Here is the csv sample (has 200 rows total):
id gender ses schtyp prog write
70 male low public general 52
121 female middle public vocation 68
86 male high public general 33
141 male high public vocation 63
172 male middle public academic 47
113 male middle public academic 44
50 male middle public general 59
11 male middle public academic 34
84 male middle public general 57
48 male middle public academic 57
75 male middle public vocation 60
60 male middle public academic 57
Here is what I have so far:
import csv
import numpy
csv_file_object=csv.reader(open('scores.csv', 'rU')) #reads file
header=csv_file_object.next() #skips header
data=[] #loads data into array for processing
for row in csv_file_object:
data.append(row)
data=numpy.array(data)
#asks for inputs
gender=raw_input('Enter gender [male/female]: ')
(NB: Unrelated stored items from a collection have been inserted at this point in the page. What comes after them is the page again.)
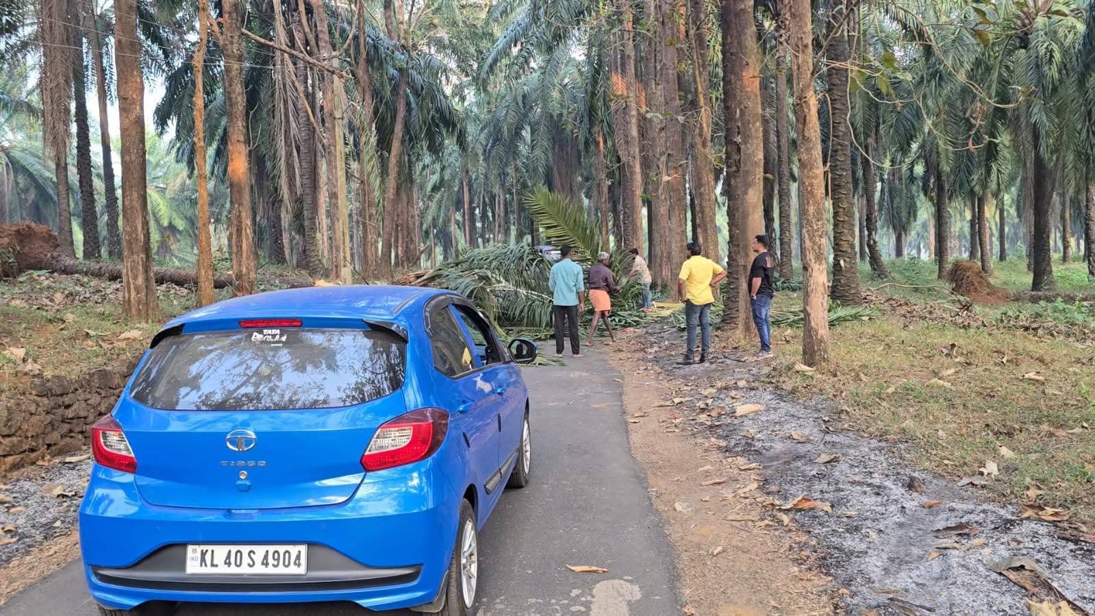 പന വീണ് ഇലക്ട്രിക് പോസ്റ്റുകൾ തകർന്ന് വൈദ്യുതി തടസപ്പെട്ടു
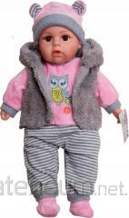 Głowa, dłonie oraz stopy lalki wykonane są z winylu, korpus miękki wykonany z materiału. Ubranko można zdjęć i prać.
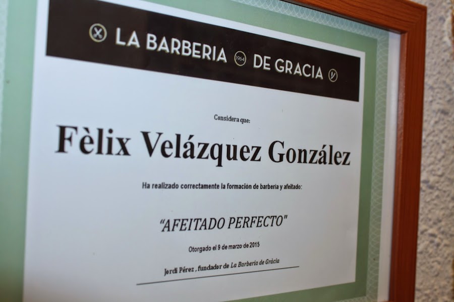 Félix Velázquez, se ha formado en la Barberia de Gràcia muy reconocida en su gremio con 3 estrellas Qhair la única barbería premiada con este galardón.
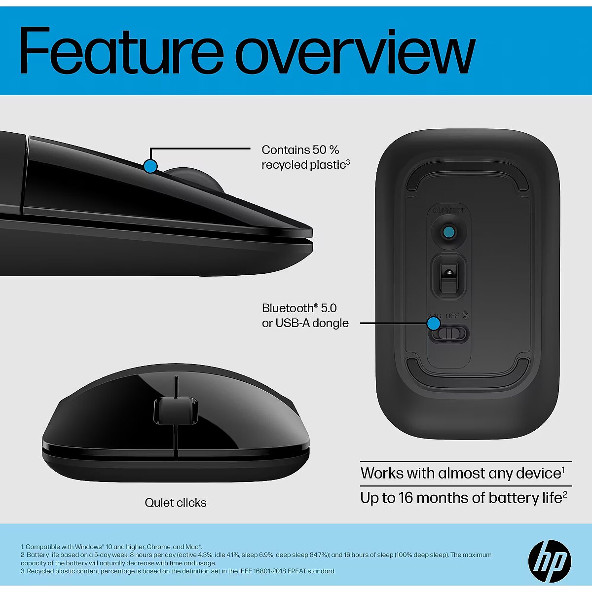 Now you can rely on a slim, pocket-sized mouse with quieter clicks to get work done wherever you need to, without compromising comfort or functionality. Plus, you can feel good using a mouse that contains 50% post-consumer recycled plastic and comes in 100% recyclable packaging. Freedom to Work Wherever
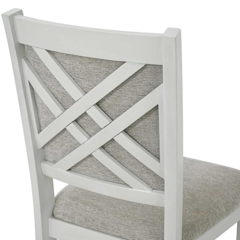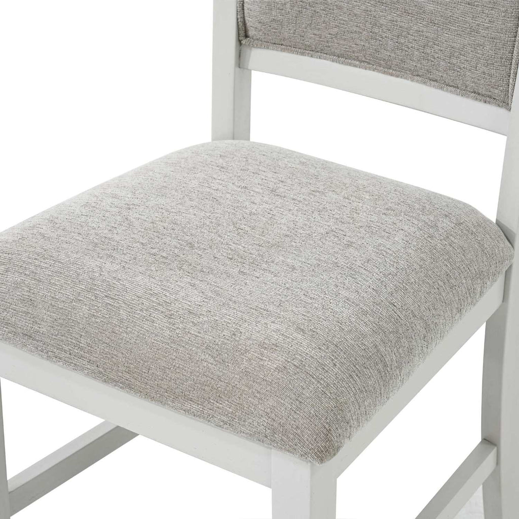 - Solid rubberwood chairs in a whitewash finish with textured, warm grey fabric upholstery

schtyp=raw_input('Enter school type [public/private]: ')
ses=raw_input('Enter socioeconomic status [low/middle/high]: ')
prog=raw_input('Enter program status [general/vocation/academic: ')
#makes them lower case and strings
prog=str(prog.lower())
gender=str(gender.lower())
schtyp=str(schtyp.lower())
ses=str(ses.lower())
What I am missing is how to filter and gets stats only for a specific group. For example, say I input male, public, middle, and academic -- I'd want to get the average writing score for that subset. I tried the groupby function from pandas, but that only gets you stats for broad groups (such as public vs private). I also tried DataFrame from pandas, but that only gets me filtering for one input and not sure how to get the writing scores. Any hints would be greatly appreciated!